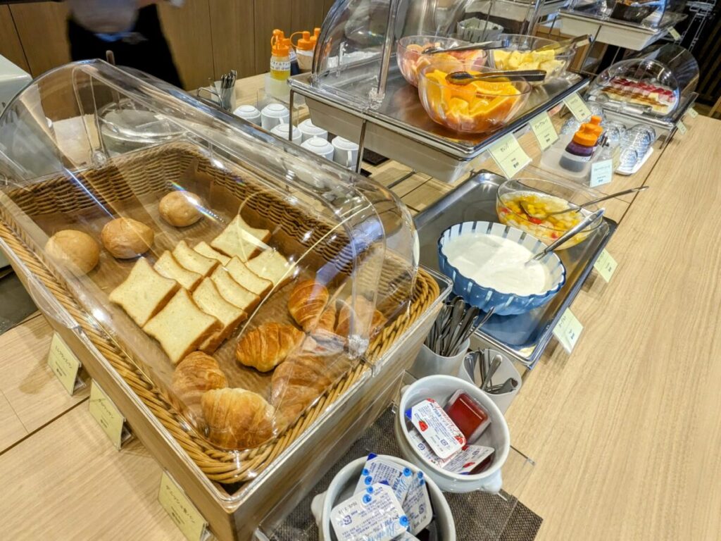 パンはミニフランスパン、デニッシュ食パン、クロワッサンの3種類。もちろん、トースターで焼いて食べることができます。
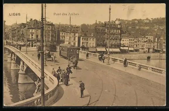 AK Liege, Pont Leopola mit Strassenbahnen
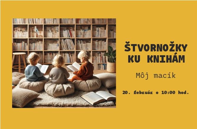Detičky a rodičia, "štvornožkovať" budeme spolu aj v o februári. V priestoroch detskej knižnice Slniečko na Slovenskej 18 a na všetkých sídliskových pobočkách Sídlisko 2, Sídlisko 3, Sekčov a Šváby sa stretneme v piatok 20. februára 2026 o 10:00 hod.
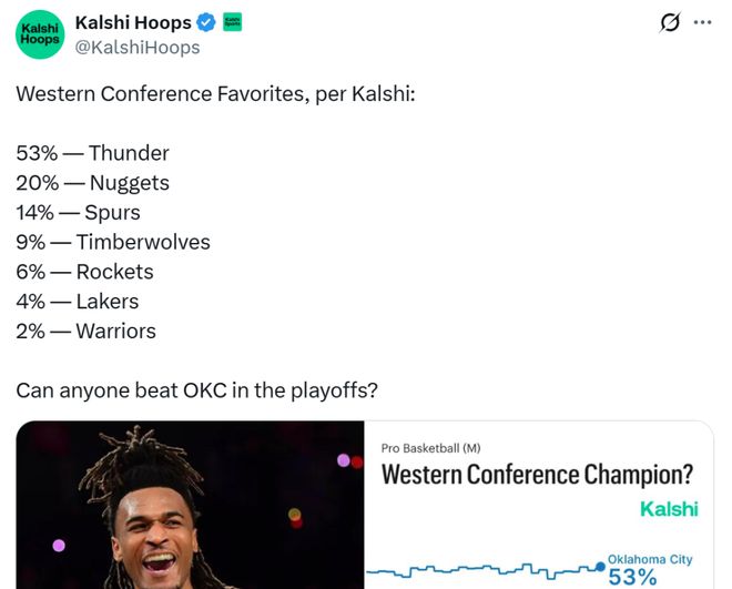 火箭隊6%僅排第五!在常規賽程過半,全明星周末即將到來之際,西部冠軍概率更新出爐,其中湖人4%、勇士2%、掘金20%屈居第二,雷霆超5成斷檔第一。
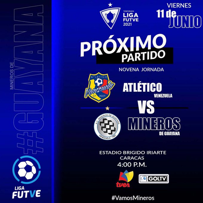Por una nueva fecha de laLiga Futve,Atlético Venezuelarecibe en su territorio al conjunto deMineros de Guayanaen un duelo que se llevará a cabo esto viernes 11 de junio. El juego será transmitidoEN VIVO Y EN DIRECTOa través de la pantalla deTVES, Gol TV y GolTV Play.

» TASK TO COMPLETE
Only the lines from the one with "AK Liege, Pont Leopola mit Strassenbahnen" through the final line of the entries above are to be repeated, exactly as written and without pictures.

» WRITTEN RESPONSE
 AK Liege, Pont Leopola mit Strassenbahnen
Detičky a rodičia, "štvornožkovať" budeme spolu aj v o februári. V priestoroch detskej knižnice Slniečko na Slovenskej 18 a na všetkých sídliskových pobočkách Sídlisko 2, Sídlisko 3, Sekčov a Šváby sa stretneme v piatok 20. februára 2026 o 10:00 hod.
 火箭隊6%僅排第五!在常規賽程過半,全明星周末即將到來之際,西部冠軍概率更新出爐,其中湖人4%、勇士2%、掘金20%屈居第二,雷霆超5成斷檔第一。
Por una nueva fecha de laLiga Futve,Atlético Venezuelarecibe en su territorio al conjunto deMineros de Guayanaen un duelo que se llevará a cabo esto viernes 11 de junio. El juego será transmitidoEN VIVO Y EN DIRECTOa través de la pantalla deTVES, Gol TV y GolTV Play.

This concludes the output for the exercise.